The police tried to extract some information from the DMAT controller A W Khan, but he died on October 5, 2013, during interrogation. His death was a roadblock to the investigation. However, later the investigating team found some lead that suggested the involvement of private medical college authorities in the forgery, which led to the arrest of Controller of Dental and Medical Admission Test (DMAT) exam, Yogesh Uprit.

In July 2015, the appellate authority of Admission and Fee Regulatory Committee (AFRC), a statutory body for professional colleges, pointed to a massive scam involving private colleges. The candidates used to pay between ₹ 15 Lakh to ₹ 1 crore to get the admission in undergraduate or postgraduate courses.

== Modus operandi ==
The gangs operated from internet cafes to the college premises. They used to introduce themselves as the personal assistants of college directors, doctors and claimed to yield considerable influence in the office of DMAT. The candidates who paid the amount were directed to leave the OMR sheet blank and were filled later. The state quota and NRI seats used to get filled up against the seats that were vacated on the last day of the admission process.

During the course of investigation, the police team found that the aspirants who paid to the gang used to get exact numbers in the examination as was needed to get the admission in the college of their choice.

== Accused ==

| # | Name | Role | Status | Source |
|---|---|---|---|---|
| 1 | Anupam Chouksey | He was DMAT Secretary and Director of LN Medical College. After the arrest he confessed of accepting the admission forms of two candidates past due date | Out on bail |  |
| 2 | Yogesh Urpit | Former Director of Madhya Pradesh Professional Examination Board (MPPEB). He told the investigators that the modus operandi of Vyapam scam and DMAT scam was the same | Out on bail |  |
| 3 | Surendra Singh Chauhan | A class X dropout, he confessed to have managed admissions of more than 50 students in past few years. On August 2, 2015, unidentified people tried to kill him but he escaped with minor bullet injuries. He said he wanted to file a PIL seeking a CBI inquiry into the death of ex-DMAT controller A W Khan, who died under mysterious circumstances during the investigation. Due to his sudden death the probe was derailed | Out on bail |  |
| 4 | Ranveer Singh Anand | An engineer by profession | Arrested |  |
| 5 | Sandeep | A native of Uttar Pradesh | Arrested |  |
| 6 | Rajendra Singh | A resident of Rewa (M.P) and a member of BJP. He worked as a contractor for parking lots in Bhopal | Arrested |  |
| 7 | Adarsh Kumar alias Aditya | A native of Bihar and a student of National Institute of Technology (Raipur).
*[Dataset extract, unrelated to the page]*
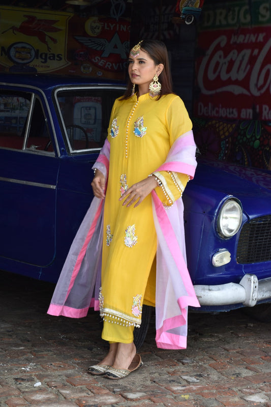 Yellow Kurta, Pants & With Pink Dupatta In Organza Having Gotta Work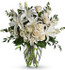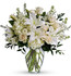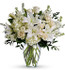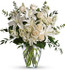 - This gorgeous bouquet overflows with white hydrangea, crème roses, white spray roses, white oriental lilies, white stock, spiral eucalyptus, salal and Italian ruscus in a classic glass vase.

The team recovered ₹ 5 lakh from him | Arrested |  |
| 8 | Jitu alias Dr. Raghuvanshi | He used to introduce himself as a doctor but never talked to the victims via his mobile phone. Instead, he asked them to drop him an SMS on the pretext of being in the operation theatre | On the run |  |
| 9 | Abhijeet Gupta | - | On the run |  |
| 10 | Sumit | - | On the run |  |
| 11 | Akhilesh Singh | - | On the run |  |

== Allegations against state government ==
The investigation team had come across specific inputs on the involvement of ministers, judicial members, police officers and others at high position in the Madhya Pradesh government. Indore based whistleblower Dr. Anand Rai alleged that huge amount of black money is involved in the scam and the business of illegal admissions was going on since 2006.

The Indian National Congress, an opposition party, has alleged that Chief Minister Shivraj Singh Chouhan's kin were the beneficiaries in the DMAT scam. The charge has been strongly denied by the ruling Bharatiya Janata Party.

== Exam cancellation ==
Due to continuous revelations of collusion between Vyapam and DMAT authorities and threats from a whistleblower to name judges allegedly involved in the scam, the state examination body on July 10, 2015, cancelled the admission test to be held on July 12, 2015. However, the officials said that the examination was postponed due to some technical reasons.